Problem statement. Go through the listing below and repeat it exactly, dropping the pictures.

Records provided.
····················

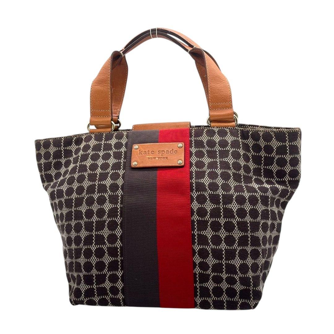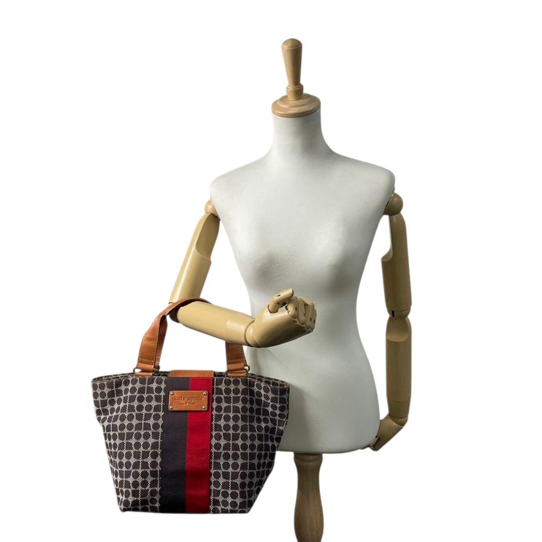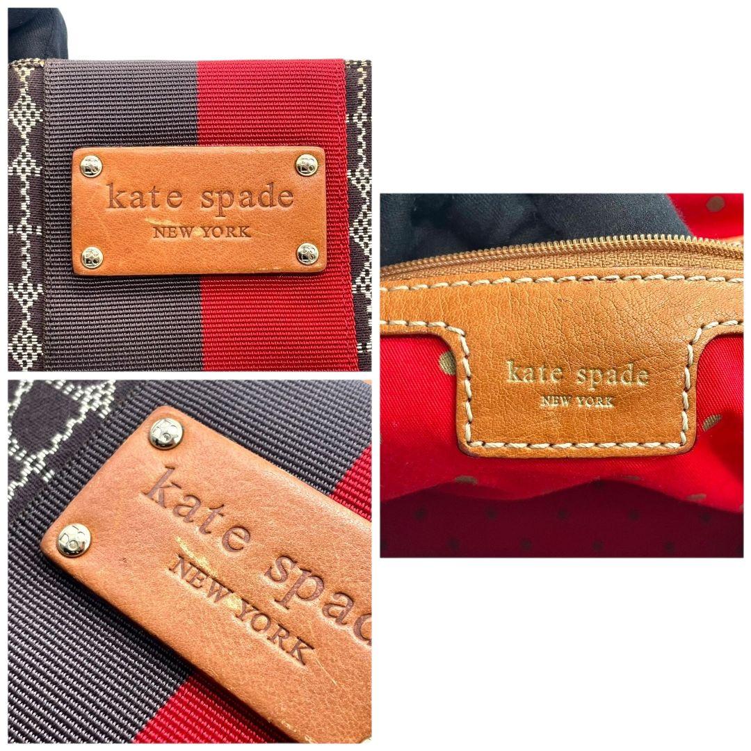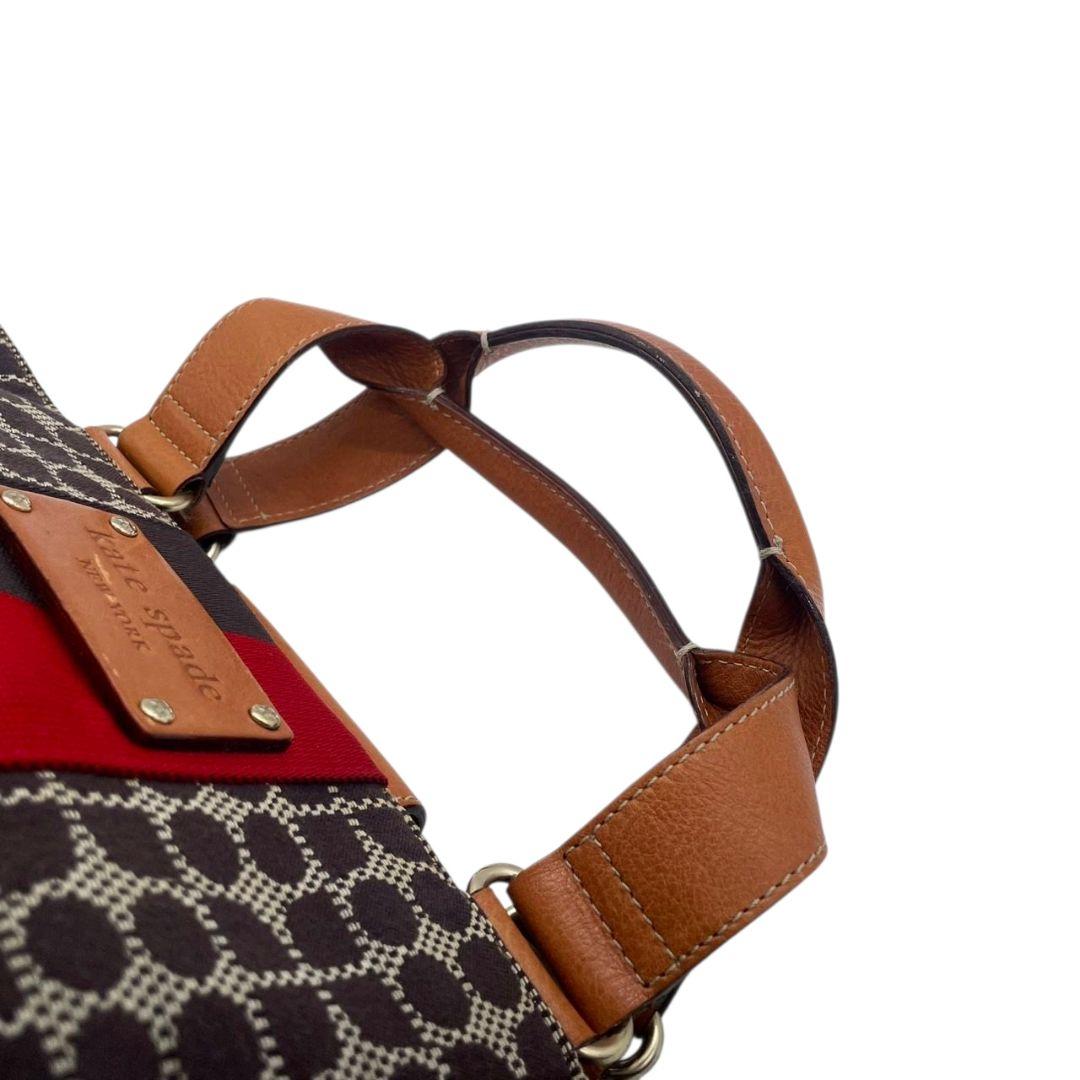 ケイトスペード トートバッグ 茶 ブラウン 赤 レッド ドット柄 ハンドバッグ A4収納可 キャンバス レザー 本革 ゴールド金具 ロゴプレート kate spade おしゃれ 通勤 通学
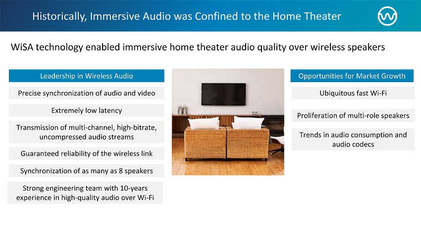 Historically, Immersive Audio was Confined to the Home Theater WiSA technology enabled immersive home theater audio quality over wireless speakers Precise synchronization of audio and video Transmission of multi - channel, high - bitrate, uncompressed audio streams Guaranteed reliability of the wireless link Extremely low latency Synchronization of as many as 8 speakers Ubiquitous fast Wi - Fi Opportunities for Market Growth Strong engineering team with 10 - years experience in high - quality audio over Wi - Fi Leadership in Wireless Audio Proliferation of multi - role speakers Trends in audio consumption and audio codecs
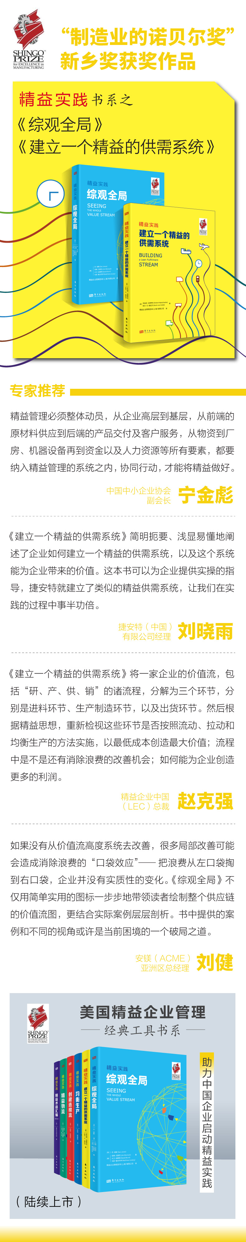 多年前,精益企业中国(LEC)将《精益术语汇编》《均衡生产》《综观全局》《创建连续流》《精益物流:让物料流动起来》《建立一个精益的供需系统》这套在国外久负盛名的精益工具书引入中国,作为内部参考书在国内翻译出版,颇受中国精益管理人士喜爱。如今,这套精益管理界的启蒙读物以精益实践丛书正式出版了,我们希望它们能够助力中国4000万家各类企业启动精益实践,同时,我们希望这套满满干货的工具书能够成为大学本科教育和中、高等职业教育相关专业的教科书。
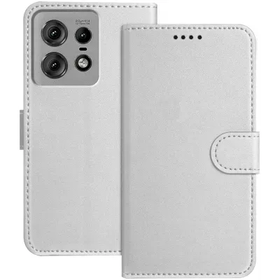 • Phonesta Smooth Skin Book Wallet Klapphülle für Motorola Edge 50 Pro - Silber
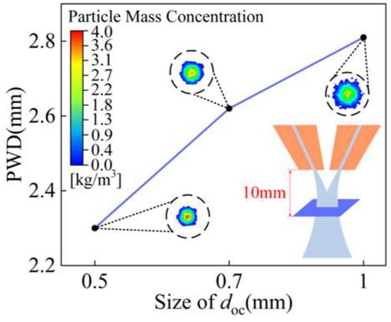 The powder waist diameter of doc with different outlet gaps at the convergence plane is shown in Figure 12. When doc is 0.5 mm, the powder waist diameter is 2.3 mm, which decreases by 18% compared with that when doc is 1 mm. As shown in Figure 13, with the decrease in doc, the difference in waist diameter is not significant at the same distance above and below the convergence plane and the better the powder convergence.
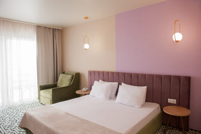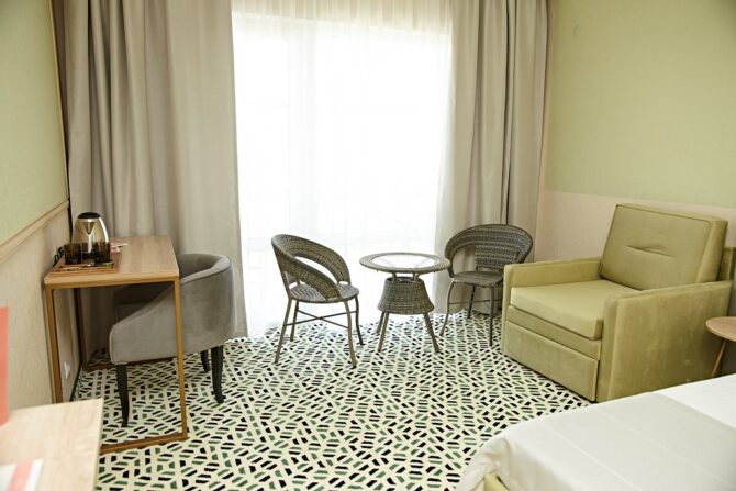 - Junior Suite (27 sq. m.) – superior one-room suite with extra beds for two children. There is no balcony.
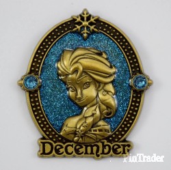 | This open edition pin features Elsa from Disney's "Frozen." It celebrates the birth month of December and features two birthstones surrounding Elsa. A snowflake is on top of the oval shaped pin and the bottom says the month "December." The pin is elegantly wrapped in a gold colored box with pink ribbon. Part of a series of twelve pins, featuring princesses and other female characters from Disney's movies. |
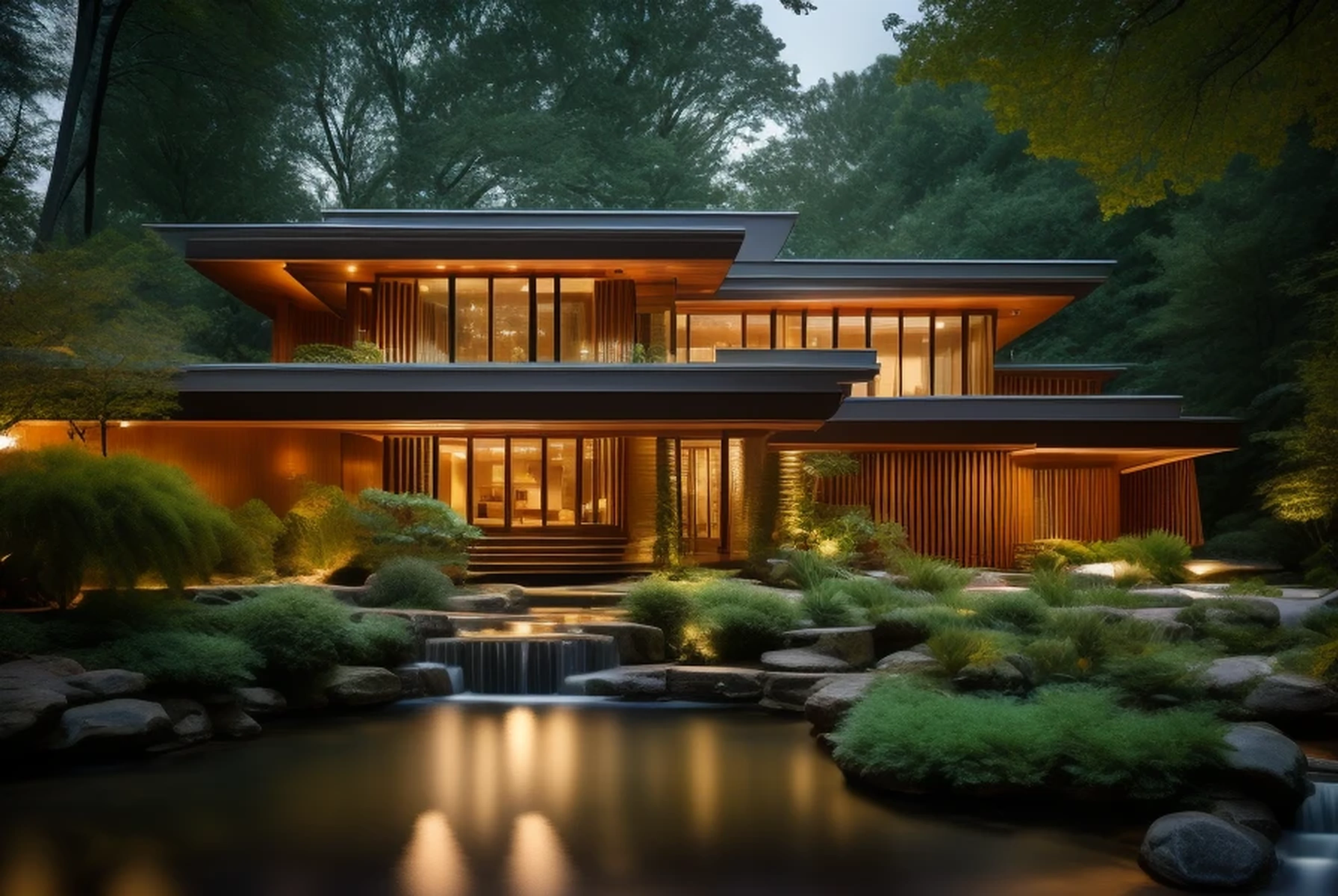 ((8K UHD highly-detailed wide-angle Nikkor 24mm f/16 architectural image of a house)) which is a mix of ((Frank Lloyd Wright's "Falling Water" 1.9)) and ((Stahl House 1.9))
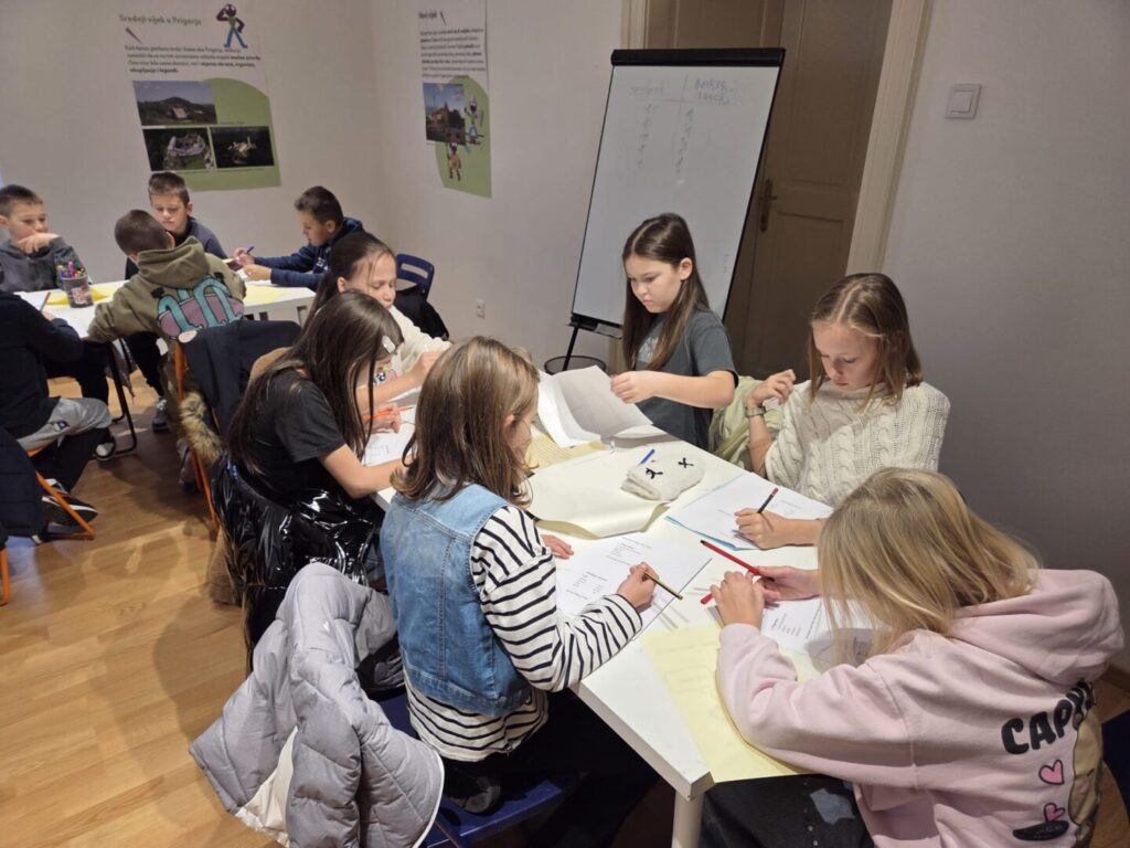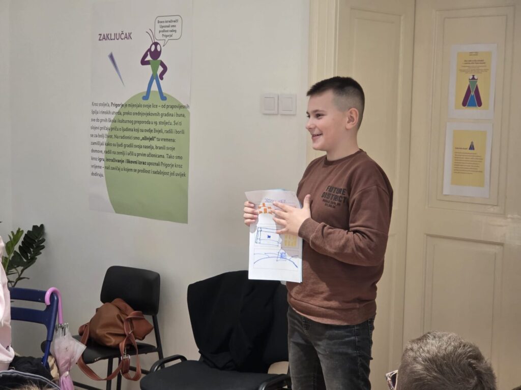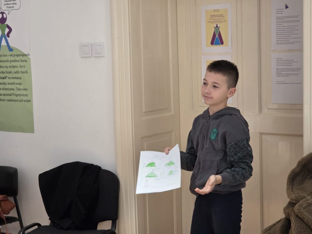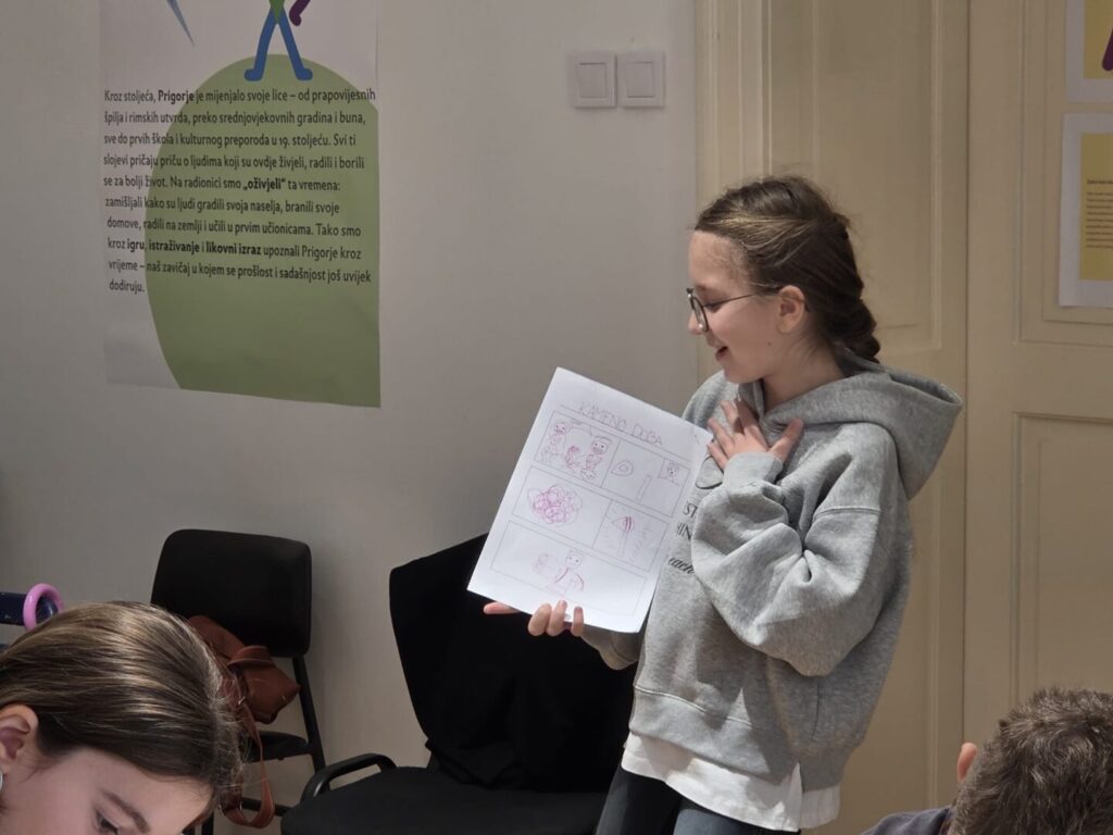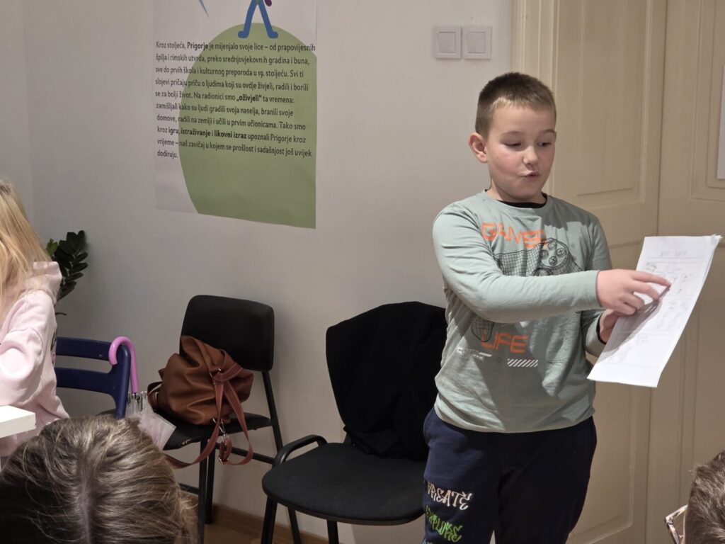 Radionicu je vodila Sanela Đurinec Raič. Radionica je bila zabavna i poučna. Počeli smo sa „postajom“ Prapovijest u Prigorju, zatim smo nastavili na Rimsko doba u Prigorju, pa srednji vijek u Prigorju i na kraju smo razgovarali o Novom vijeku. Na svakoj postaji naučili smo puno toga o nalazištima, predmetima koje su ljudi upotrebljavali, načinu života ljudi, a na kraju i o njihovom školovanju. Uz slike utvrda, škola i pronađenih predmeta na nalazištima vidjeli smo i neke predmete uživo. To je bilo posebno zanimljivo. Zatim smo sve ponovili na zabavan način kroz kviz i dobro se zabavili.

····················

Solution.
 ケイトスペード トートバッグ 茶 ブラウン 赤 レッド ドット柄 ハンドバッグ A4収納可 キャンバス レザー 本革 ゴールド金具 ロゴプレート kate spade おしゃれ 通勤 通学
 Historically, Immersive Audio was Confined to the Home Theater WiSA technology enabled immersive home theater audio quality over wireless speakers Precise synchronization of audio and video Transmission of multi - channel, high - bitrate, uncompressed audio streams Guaranteed reliability of the wireless link Extremely low latency Synchronization of as many as 8 speakers Ubiquitous fast Wi - Fi Opportunities for Market Growth Strong engineering team with 10 - years experience in high - quality audio over Wi - Fi Leadership in Wireless Audio Proliferation of multi - role speakers Trends in audio consumption and audio codecs
 多年前,精益企业中国(LEC)将《精益术语汇编》《均衡生产》《综观全局》《创建连续流》《精益物流:让物料流动起来》《建立一个精益的供需系统》这套在国外久负盛名的精益工具书引入中国,作为内部参考书在国内翻译出版,颇受中国精益管理人士喜爱。如今,这套精益管理界的启蒙读物以精益实践丛书正式出版了,我们希望它们能够助力中国4000万家各类企业启动精益实践,同时,我们希望这套满满干货的工具书能够成为大学本科教育和中、高等职业教育相关专业的教科书。
 • Phonesta Smooth Skin Book Wallet Klapphülle für Motorola Edge 50 Pro - Silber
 The powder waist diameter of doc with different outlet gaps at the convergence plane is shown in Figure 12. When doc is 0.5 mm, the powder waist diameter is 2.3 mm, which decreases by 18% compared with that when doc is 1 mm. As shown in Figure 13, with the decrease in doc, the difference in waist diameter is not significant at the same distance above and below the convergence plane and the better the powder convergence.
 - Junior Suite (27 sq. m.) – superior one-room suite with extra beds for two children. There is no balcony.
 | This open edition pin features Elsa from Disney's "Frozen." It celebrates the birth month of December and features two birthstones surrounding Elsa. A snowflake is on top of the oval shaped pin and the bottom says the month "December." The pin is elegantly wrapped in a gold colored box with pink ribbon. Part of a series of twelve pins, featuring princesses and other female characters from Disney's movies. |
 ((8K UHD highly-detailed wide-angle Nikkor 24mm f/16 architectural image of a house)) which is a mix of ((Frank Lloyd Wright's "Falling Water" 1.9)) and ((Stahl House 1.9))
 Radionicu je vodila Sanela Đurinec Raič. Radionica je bila zabavna i poučna. Počeli smo sa „postajom“ Prapovijest u Prigorju, zatim smo nastavili na Rimsko doba u Prigorju, pa srednji vijek u Prigorju i na kraju smo razgovarali o Novom vijeku. Na svakoj postaji naučili smo puno toga o nalazištima, predmetima koje su ljudi upotrebljavali, načinu života ljudi, a na kraju i o njihovom školovanju. Uz slike utvrda, škola i pronađenih predmeta na nalazištima vidjeli smo i neke predmete uživo. To je bilo posebno zanimljivo. Zatim smo sve ponovili na zabavan način kroz kviz i dobro se zabavili.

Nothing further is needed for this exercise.